= What to produce =
Retype the listing found below exactly, but leave out each picture.

╭──

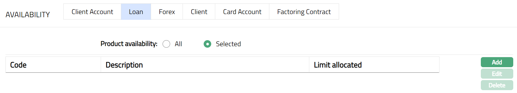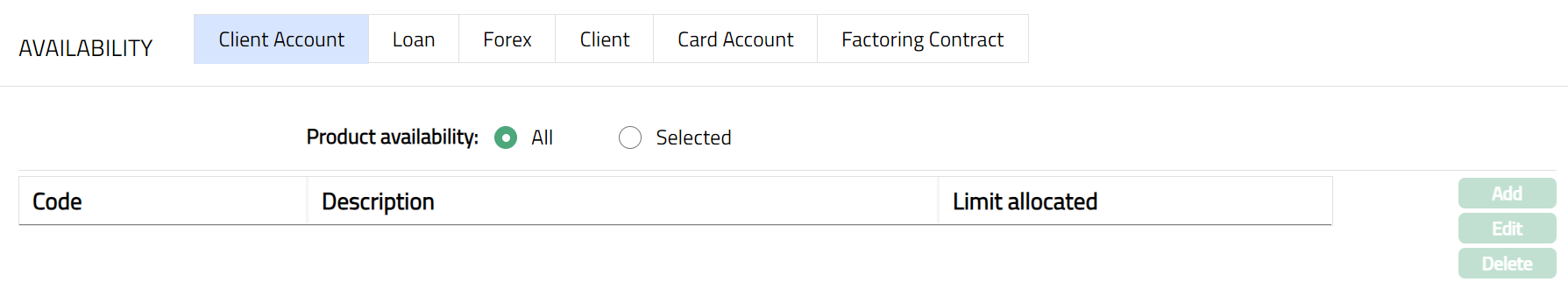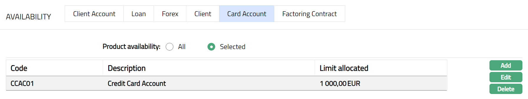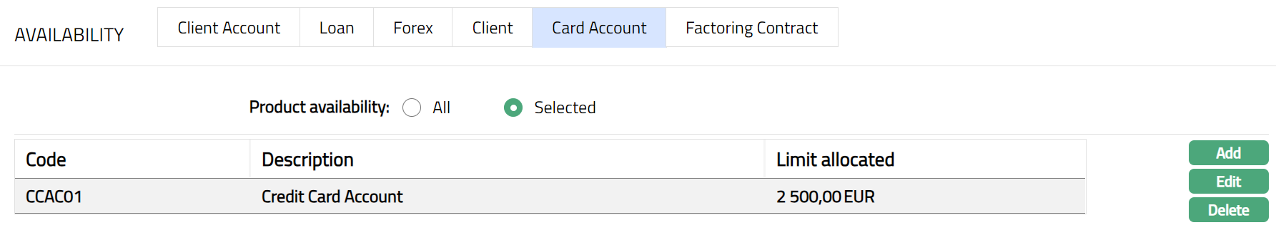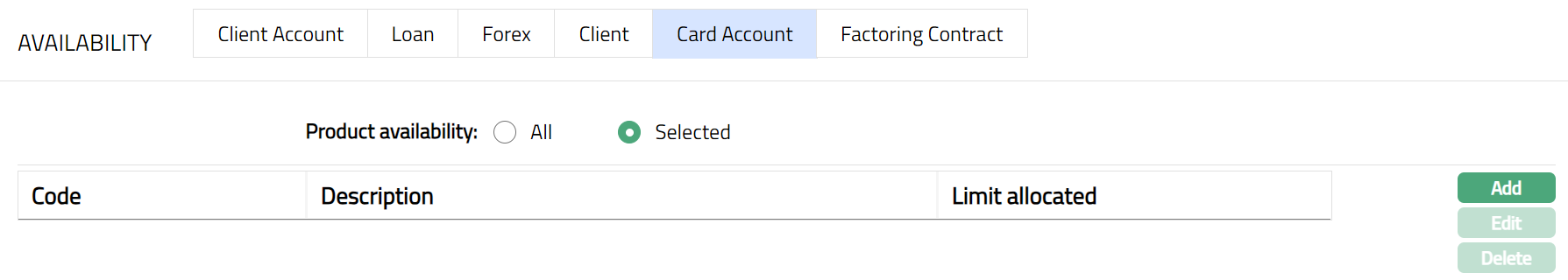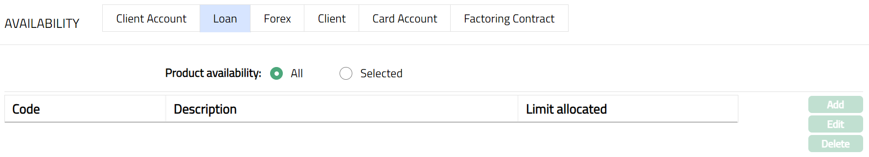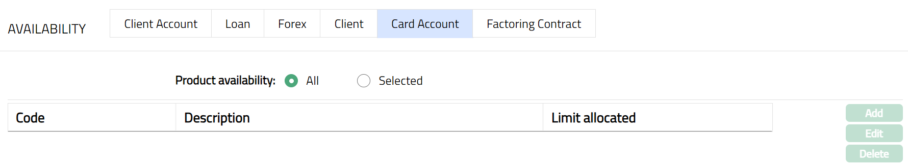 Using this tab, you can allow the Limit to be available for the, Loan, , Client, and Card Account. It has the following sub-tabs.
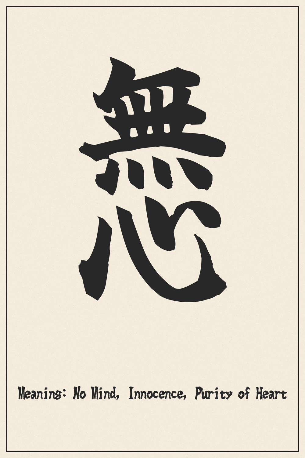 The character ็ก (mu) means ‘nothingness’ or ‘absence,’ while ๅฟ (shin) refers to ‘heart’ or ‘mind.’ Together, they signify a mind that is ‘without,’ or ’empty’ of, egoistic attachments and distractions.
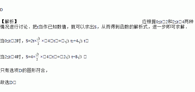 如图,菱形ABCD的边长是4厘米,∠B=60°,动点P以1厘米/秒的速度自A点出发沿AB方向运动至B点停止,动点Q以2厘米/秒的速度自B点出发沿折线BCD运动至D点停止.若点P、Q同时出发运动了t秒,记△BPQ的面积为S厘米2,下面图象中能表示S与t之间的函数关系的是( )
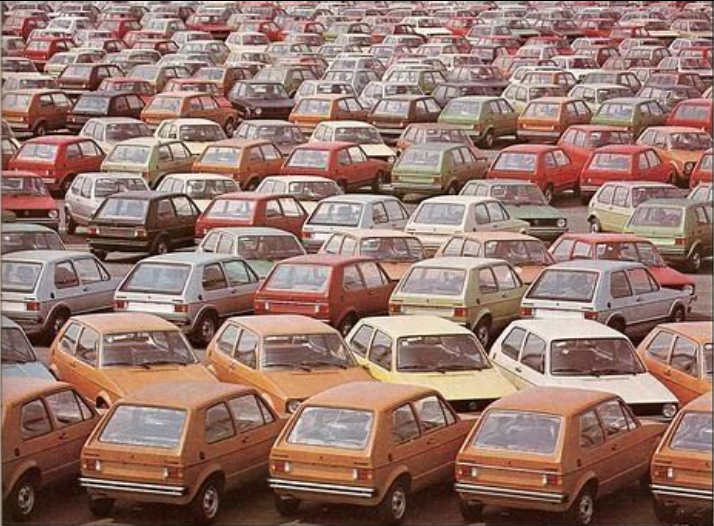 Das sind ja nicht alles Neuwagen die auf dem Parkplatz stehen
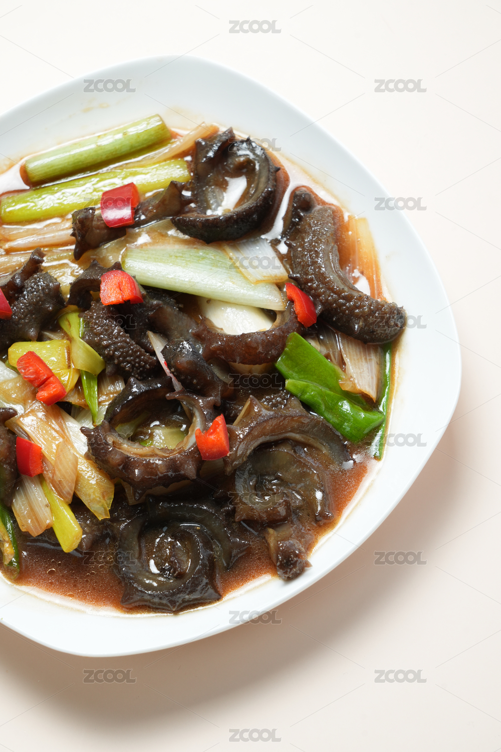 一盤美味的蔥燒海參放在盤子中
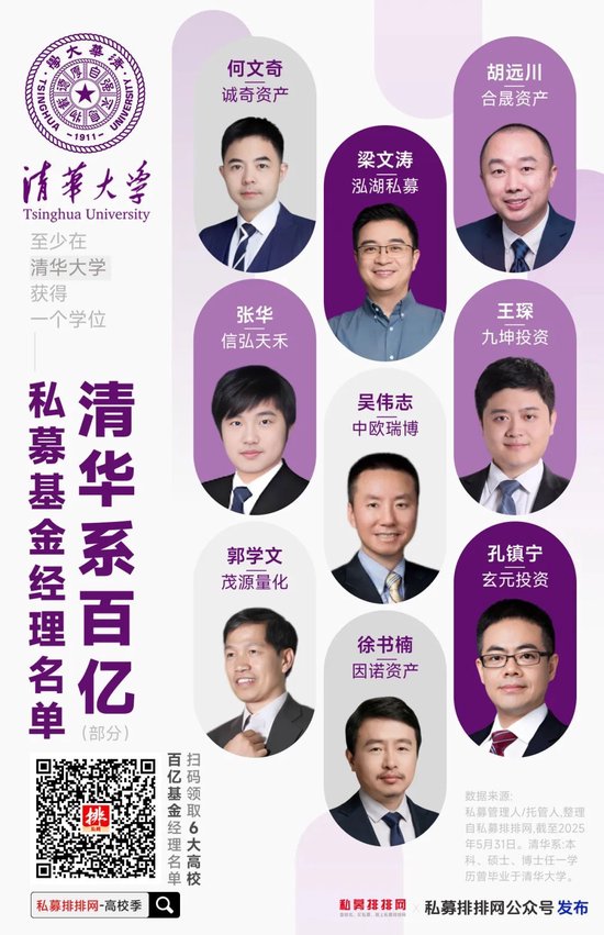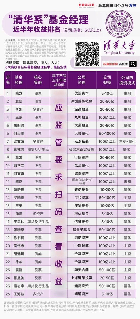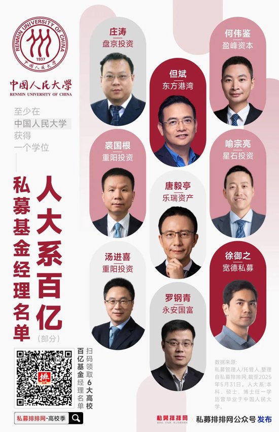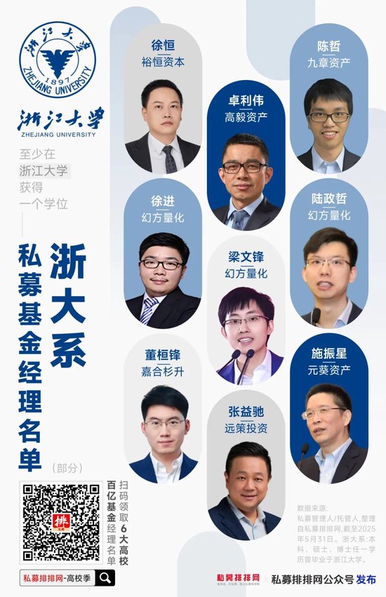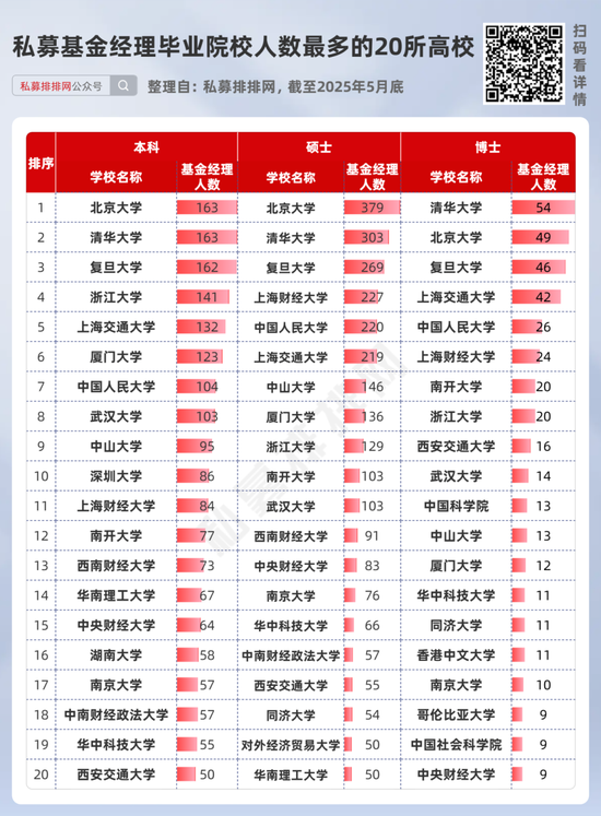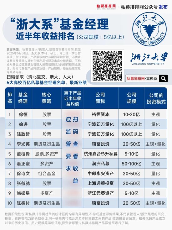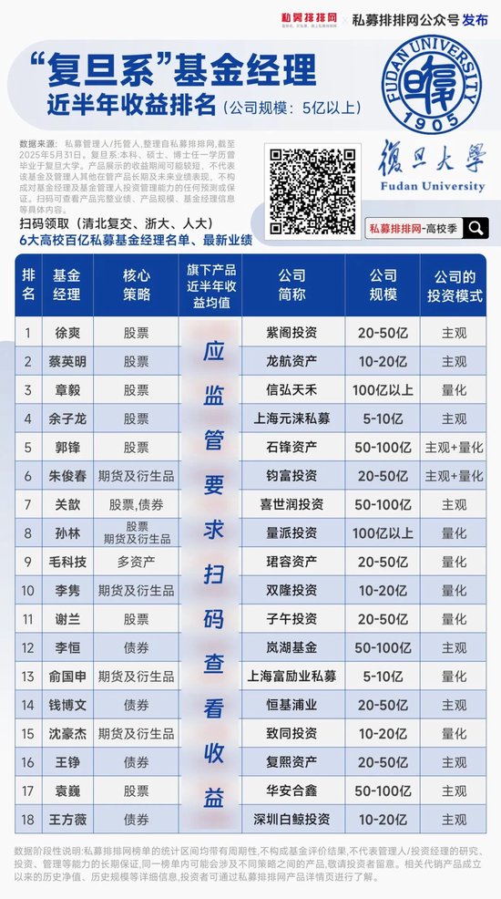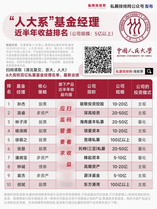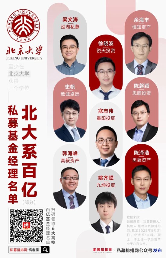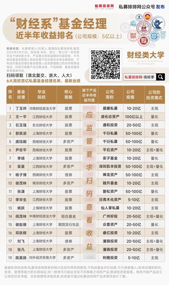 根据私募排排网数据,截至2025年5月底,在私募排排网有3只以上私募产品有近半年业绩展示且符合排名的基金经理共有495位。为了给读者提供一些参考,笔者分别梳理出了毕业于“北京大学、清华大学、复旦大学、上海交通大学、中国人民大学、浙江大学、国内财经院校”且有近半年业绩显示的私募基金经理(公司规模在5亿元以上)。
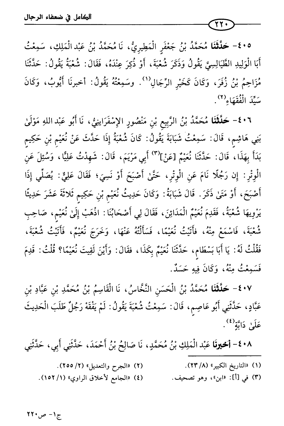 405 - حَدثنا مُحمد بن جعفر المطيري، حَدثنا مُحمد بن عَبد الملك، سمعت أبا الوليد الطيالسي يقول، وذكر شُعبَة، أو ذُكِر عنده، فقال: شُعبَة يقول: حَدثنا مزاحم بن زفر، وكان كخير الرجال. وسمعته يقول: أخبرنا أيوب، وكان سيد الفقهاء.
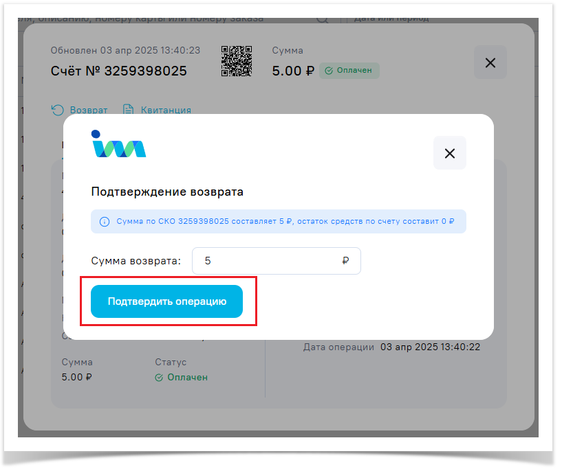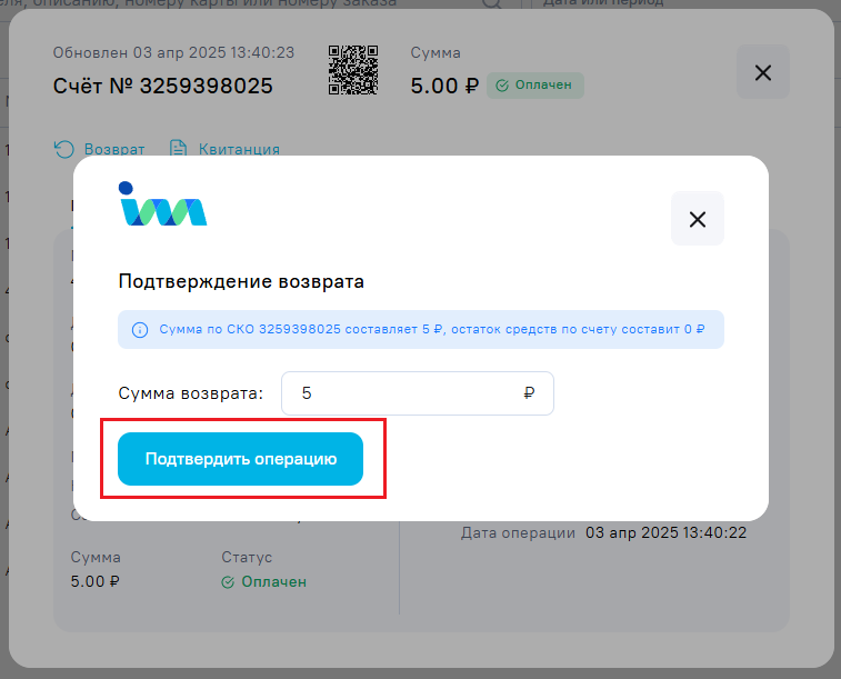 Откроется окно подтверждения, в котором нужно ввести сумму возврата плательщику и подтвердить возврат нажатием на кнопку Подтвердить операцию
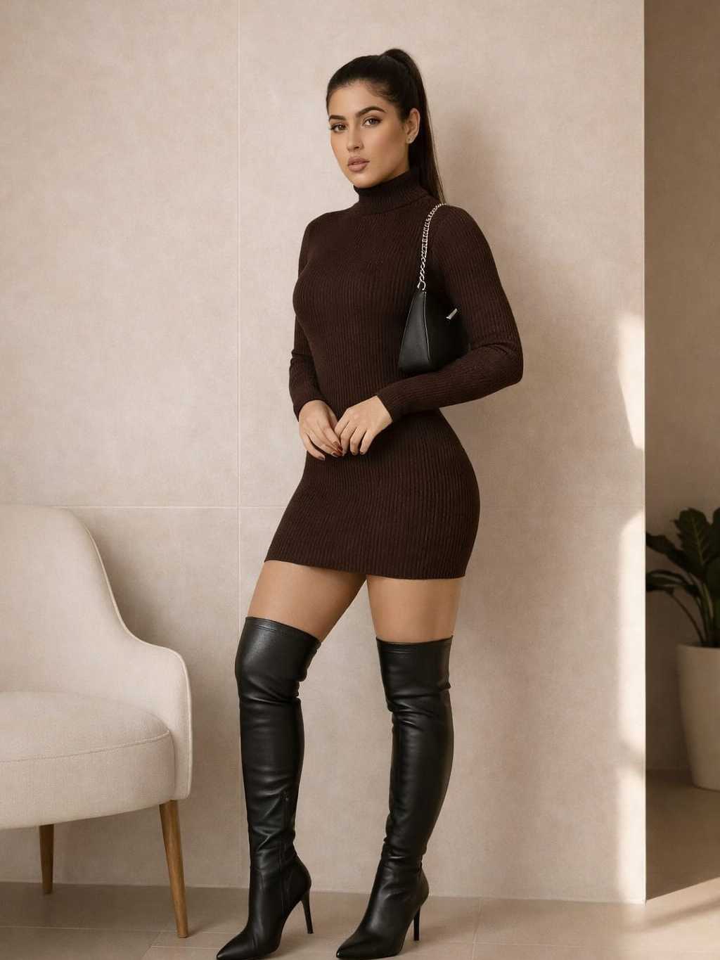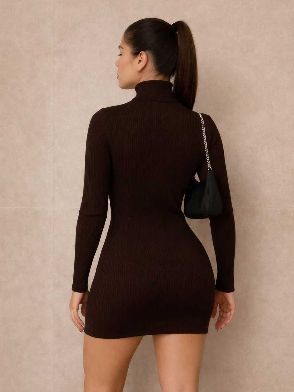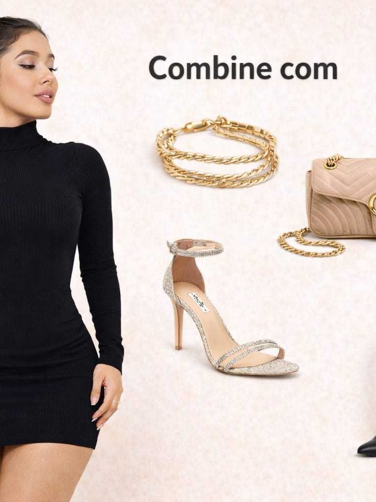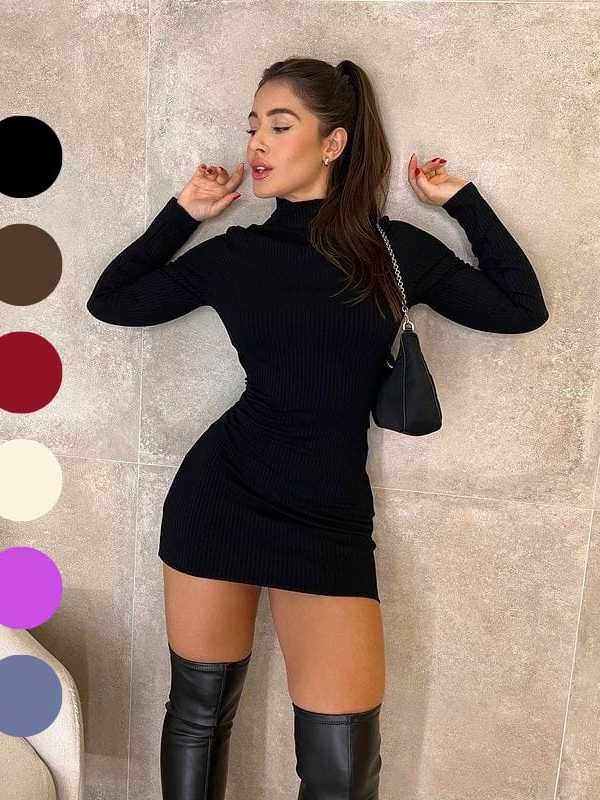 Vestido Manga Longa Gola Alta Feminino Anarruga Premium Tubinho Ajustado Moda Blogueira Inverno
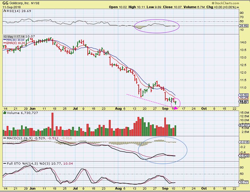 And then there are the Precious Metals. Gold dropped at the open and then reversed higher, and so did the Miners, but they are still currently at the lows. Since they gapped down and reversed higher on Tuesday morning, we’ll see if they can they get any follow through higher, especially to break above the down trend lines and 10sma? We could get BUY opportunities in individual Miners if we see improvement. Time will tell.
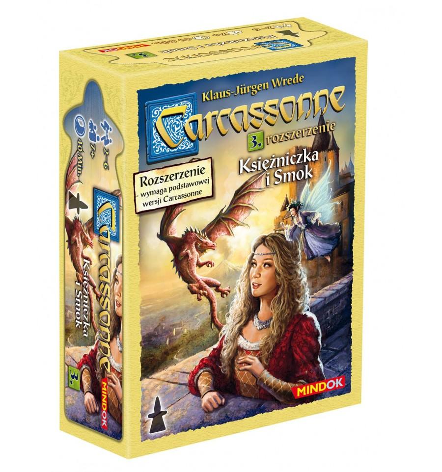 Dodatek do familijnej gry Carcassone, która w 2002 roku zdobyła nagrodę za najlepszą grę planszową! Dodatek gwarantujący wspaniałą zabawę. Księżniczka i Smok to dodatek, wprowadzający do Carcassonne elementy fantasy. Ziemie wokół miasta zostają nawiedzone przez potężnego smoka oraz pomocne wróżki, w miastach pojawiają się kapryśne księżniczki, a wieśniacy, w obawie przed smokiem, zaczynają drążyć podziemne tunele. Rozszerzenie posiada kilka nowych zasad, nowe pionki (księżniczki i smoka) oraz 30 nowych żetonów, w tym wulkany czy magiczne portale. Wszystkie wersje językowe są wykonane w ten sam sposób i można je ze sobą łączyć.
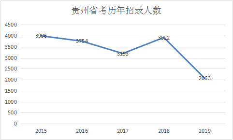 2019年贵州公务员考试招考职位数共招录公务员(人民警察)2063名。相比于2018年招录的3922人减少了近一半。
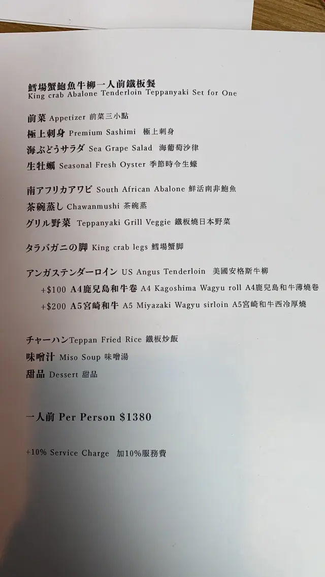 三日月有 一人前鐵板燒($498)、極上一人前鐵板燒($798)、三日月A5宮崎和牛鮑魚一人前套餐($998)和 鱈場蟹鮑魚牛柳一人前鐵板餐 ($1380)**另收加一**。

╰──

= Reply =
 Using this tab, you can allow the Limit to be available for the, Loan, , Client, and Card Account. It has the following sub-tabs.
 The character ็ก (mu) means ‘nothingness’ or ‘absence,’ while ๅฟ (shin) refers to ‘heart’ or ‘mind.’ Together, they signify a mind that is ‘without,’ or ’empty’ of, egoistic attachments and distractions.
 如图,菱形ABCD的边长是4厘米,∠B=60°,动点P以1厘米/秒的速度自A点出发沿AB方向运动至B点停止,动点Q以2厘米/秒的速度自B点出发沿折线BCD运动至D点停止.若点P、Q同时出发运动了t秒,记△BPQ的面积为S厘米2,下面图象中能表示S与t之间的函数关系的是( )
 Das sind ja nicht alles Neuwagen die auf dem Parkplatz stehen
 一盤美味的蔥燒海參放在盤子中
 根据私募排排网数据,截至2025年5月底,在私募排排网有3只以上私募产品有近半年业绩展示且符合排名的基金经理共有495位。为了给读者提供一些参考,笔者分别梳理出了毕业于“北京大学、清华大学、复旦大学、上海交通大学、中国人民大学、浙江大学、国内财经院校”且有近半年业绩显示的私募基金经理(公司规模在5亿元以上)。
 405 - حَدثنا مُحمد بن جعفر المطيري، حَدثنا مُحمد بن عَبد الملك، سمعت أبا الوليد الطيالسي يقول، وذكر شُعبَة، أو ذُكِر عنده، فقال: شُعبَة يقول: حَدثنا مزاحم بن زفر، وكان كخير الرجال. وسمعته يقول: أخبرنا أيوب، وكان سيد الفقهاء.
 Откроется окно подтверждения, в котором нужно ввести сумму возврата плательщику и подтвердить возврат нажатием на кнопку Подтвердить операцию
 Vestido Manga Longa Gola Alta Feminino Anarruga Premium Tubinho Ajustado Moda Blogueira Inverno
 And then there are the Precious Metals. Gold dropped at the open and then reversed higher, and so did the Miners, but they are still currently at the lows. Since they gapped down and reversed higher on Tuesday morning, we’ll see if they can they get any follow through higher, especially to break above the down trend lines and 10sma? We could get BUY opportunities in individual Miners if we see improvement. Time will tell.
 Dodatek do familijnej gry Carcassone, która w 2002 roku zdobyła nagrodę za najlepszą grę planszową! Dodatek gwarantujący wspaniałą zabawę. Księżniczka i Smok to dodatek, wprowadzający do Carcassonne elementy fantasy. Ziemie wokół miasta zostają nawiedzone przez potężnego smoka oraz pomocne wróżki, w miastach pojawiają się kapryśne księżniczki, a wieśniacy, w obawie przed smokiem, zaczynają drążyć podziemne tunele. Rozszerzenie posiada kilka nowych zasad, nowe pionki (księżniczki i smoka) oraz 30 nowych żetonów, w tym wulkany czy magiczne portale. Wszystkie wersje językowe są wykonane w ten sam sposób i można je ze sobą łączyć.
 2019年贵州公务员考试招考职位数共招录公务员(人民警察)2063名。相比于2018年招录的3922人减少了近一半。
 三日月有 一人前鐵板燒($498)、極上一人前鐵板燒($798)、三日月A5宮崎和牛鮑魚一人前套餐($998)和 鱈場蟹鮑魚牛柳一人前鐵板餐 ($1380)**另收加一**。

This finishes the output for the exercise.